3. Combine the basil, mint, jalapeno slices, and meat on a lettuce leaf and dip in the peanut sauce and enjoy.

This recipe is based on one from Steven Raichlen's Barbecue Bible.

Beef Sirloin Salad



Simple salad with some nice grilled beef sirloin.

Ingredients:
8 oz sirloin steak, 1 inch thick
2 cups romaine lettuce, washed, dried, and broken up
1/2 medium ripe tomatoes (I used cherry tomatoes)
1/8 sweet red onion, thinly sliced (I used scallions)
Salad Dressing of your choice (I use Ranch or Blue Cheese)

Directions:
1. Prepare Steak as desired (Grilled or broiled are best)
2. Arrange lettuce on plate.
3. Cut steak into thin slices across the grain.
4. Put on tomatoes and onions and top with dressing.

Very simple, yet very yummy, especially if the meat is still warm. Can also be done with chicken as well.

Recipe from Dana Carpenders 500 LC Recipes

Wednesday, July 6, 2011

Shish-Kabobs



I know, this isn't difficult, but figured I'd post it just to give someone the idea. We had not made them in about a year because we just never thought about it.

Ingredients:
Stew Meat or whatever else you want
Red, Yellow, and Green Peppers
Grape Tomatoes
Mushrooms

Directions:
1. Dice everything up.
2. Put on skewers (don't forget to soak the wooden ones first if you use them)
3. Grill on medium heat about 5 minutes per side.

You can use whatever you want to for seasoning on the meat. A marinade would be good. We just use olive oil to coat the meat, then seasoned with black pepper, seasoned salt, blackened seasoning, garlic, coriander, and a bit of paprika. Turned out very good.

Tuesday, June 28, 2011

Just grillin'

Ok, I know I haven't put up a post in a few weeks, but I've been doing some simple grilling lately with no new recipes. Just yummy food.

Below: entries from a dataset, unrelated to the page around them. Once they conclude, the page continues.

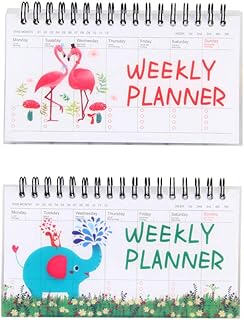 YEAHIBABY Cahier à spirale,Calendrier de cahier Cahier de planificateur hebdomadaire, 2 pièces (éléphant et flamant rose)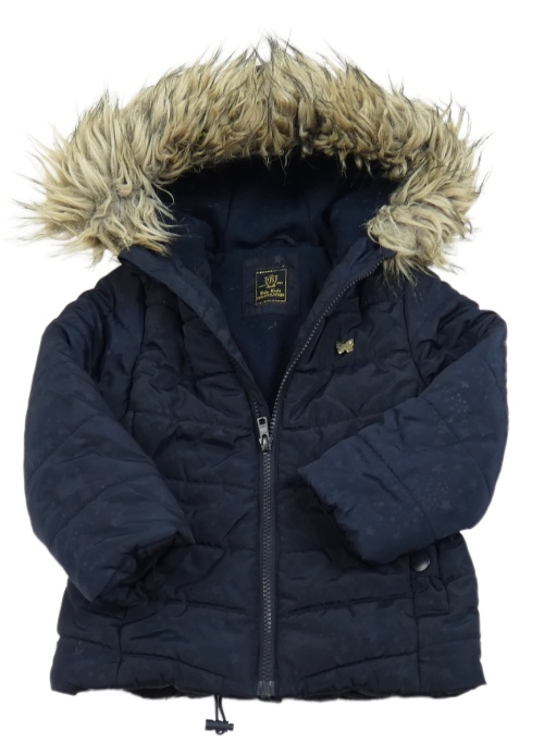 Tmavomodrá šusťáková zimní bunda s hvězdičkami, modrýlky a kapucí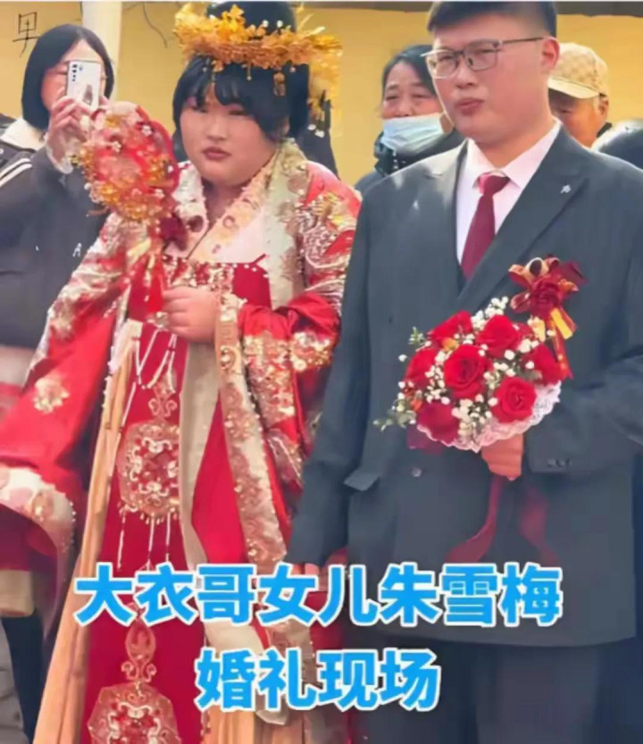 前不久在姐姐朱雪梅的婚典上,朱小伟一家三口现身了。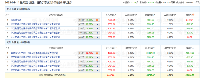 每日互动在2月14日因日换手率达到41.27%而登上龙虎榜。具体来看,买一是深股通专用席位,净买入2772.21万元,而买二至买五均为东方财富旗下的“拉萨天团”,这些营业部以散户占比高闻名。卖出第一的营业部则是国泰君安上海海阳西路证券营业部,卖二至卖五也是东方财富拉萨的营业部。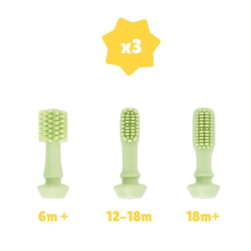- díky 3 různým nástavcům (6-12m / 12-18m / 18m+) jej lze přizpůsobit každé fázi prořezávání zoubků
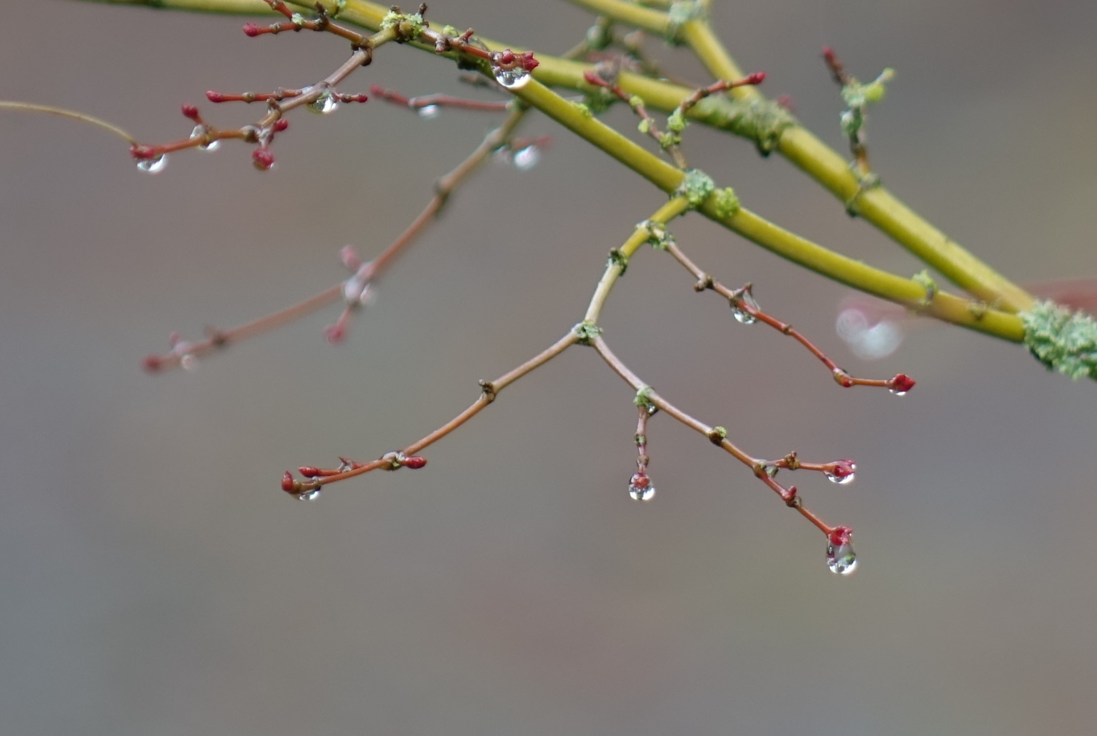 We’re cold and rainy for a few days here in the Pacific Northwest so I curbed my plans for today’s outdoor activities. Even so, I found the raindrops on our maple tree to be exquisite and wanted to share them with you.

Dinner tonight was grilled chicken, grilled ribs-on-a-stick, and some deep fried jicama. Very simple but oh so tasty.


Monday, June 13, 2011

Chipotle Burgers



Here's a burger that takes a bit of work making the different sauces, but it is worth it. Very good. A bit spicy, but you can always back down on the amount of chipotle to meet your needs.

There are 3 different parts, so I'll go through them one at a time.

Dana's No-Sugar Ketchup
Ingredients:
6 oz tomato paste
2/3 cup cider vinegar
1/3 cup water
1/3 cup Splenda (optional)
2 tbsp minced onion
2 cloves garlic
1 tsp salt
1/8 tsp ground allspice
1/8 tsp ground cloves
1/8 tsp pepper

Directions:
1. Put everything in a blender and run until onion disappears. Store in a container w/tight lid in the fridge.


Chipotle Sauce
Ingredients:
3/4 cup mayo
3 chipotle chilies canned in adobo
2 tbsp Dana's No-Sugar Ketchup

Directions:
1. Measure mayo and ketchup into a bowl.
2. Chop up the chipotles quite fine and mix into mayo/ketchup sauce.

Chipotle Burgers
Ingredients:
2 pounds ground beef
6 chipotle chilies canned in adobo sauce
1/2 cup chopped cilantro
2 cloves garlic, crushed
1/4 cup minced onion
1/2 tsp salt
6 oz Monterrey Jack cheese, sliced

Directions:
1. Mix everything but the cheese in a big bowl and form into 6 big burgers (or however many you want).
2. Let the burgers chill for an hour in the fridge (it makes them easier to handle).
3. Grill on medium heat until done (approx 7-10 minutes per side).
4. Put on the cheese to let melt and then serve with the chipotle sauce on top.

This recipe was from Dana Carpender's LC Barbecue book.